I've been trying to put together a video about this project entry. I have a great admiration for people who produce youtube videos some of my favorites include Veritasium, Applied Science and Vsauce. Although I love making things and talking about it I find this part of the competition the hardest part by far. Here is my first draft, still working on the electronics and solar panel side of the project which I will add to the video.

I have order 2 Panels are 260W Vmp is 30.2V and Imp is 8.6A tindo solar who where kind enough to sell these to me at the whole price. I am currntly preparing the Solar Panel Regular, Charger and Mosfet Controllers.
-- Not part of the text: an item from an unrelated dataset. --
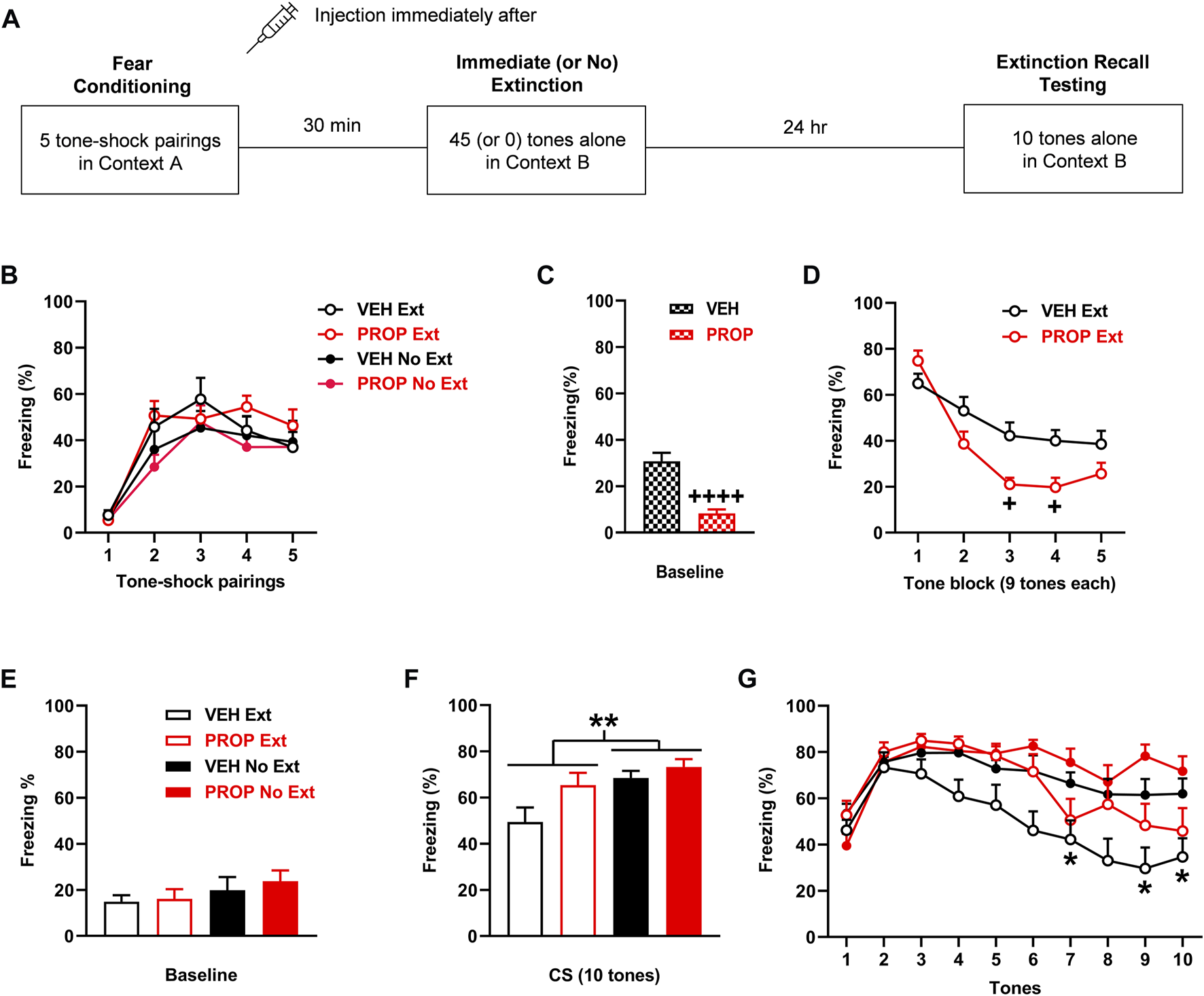Propranolol (PROP; 10 mg/kg) given before immediate extinction reduces fear expression without affecting extinction encoding. (A) Experimental design showing the behavioural testing and drug administration procedures used (n = 10/group). (B) There were no differences in freezing in response to tone-shock pairings during fear conditioning between the groups to receive vehicle (VEH) or PROP before immediate extinction (VEH Ext, PROP Ext) or no extinction (VEH No Ext, PROP No Ext). (C) Compared to VEH, PROP decreased freezing before tone presentations (Baseline) during immediate (or no) extinction (++++p < 0.0001). (D) PROP decreased tone-induced freezing during immediate extinction, compared to VEH (+p < 0.05). (E) PROP resulted in no effect on freezing before tone presentations (Baseline) during extinction recall testing. (F) Tone-induced freezing across extinction recall testing was increased with PROP in comparison to VEH (p < 0.05) and decreased with Ext, compared to No Ext (**p < 0.01). (G) Freezing in response to each tone during extinction recall testing was decreased with Ext, compared to No Ext, at tones 7 and 9–10 (*p < 0.05) but freezing was unaffected by PROP.

Paul Schulz has join the team and is currently developing some code to run on an arduino for sensors and control. Its Brain will be a Raspberry pi2.

// Digital Inputs
const int ctlCoolerPin        =  2;
const int ctlCoolerFanPin     =  3;
const int ctlCoolerPumpPin    =  4;
const int ctlCondenserFanPin  =  5;
const int ctlCondenserPumpPin =  6;

// Outputs
const int outCoolerPin        =  7; 
const int outCoolerFanPin     =  8;
const int outCoolerPumpPin    =  9; // PWM 
const int outCondenserFanPin  = 10; // PWM
const int outCondenserPumpPin = 11; // PWM   
const int outStatus1Pin       = 12;
const int outStatus2Pin       = 13;

// Analog in
const int analog1Pin = 0;
const int analog2Pin = 1;
const int analog3Pin = 2;
const int analog4Pin = 3;
const int analog5Pin = 4;
const int analog6Pin = 5;

I'm currently developing the electronics to control the Dew-Point Water Harvester. An area I have identified when experimenting with the basic prototype is that reducing the temperature of the condenser coil far below the dew-point temperature does not automatically equate into an increased rate of water collection. With the additional temperature monitoring of the condenser and a PWM control to the speed (flow rate) of the submersible pump it would be possible to regulate the temperature at the optimum temperature. This will decrease the rate at which coolant is reheated heated and increase the time available to collect dew, consequently more water.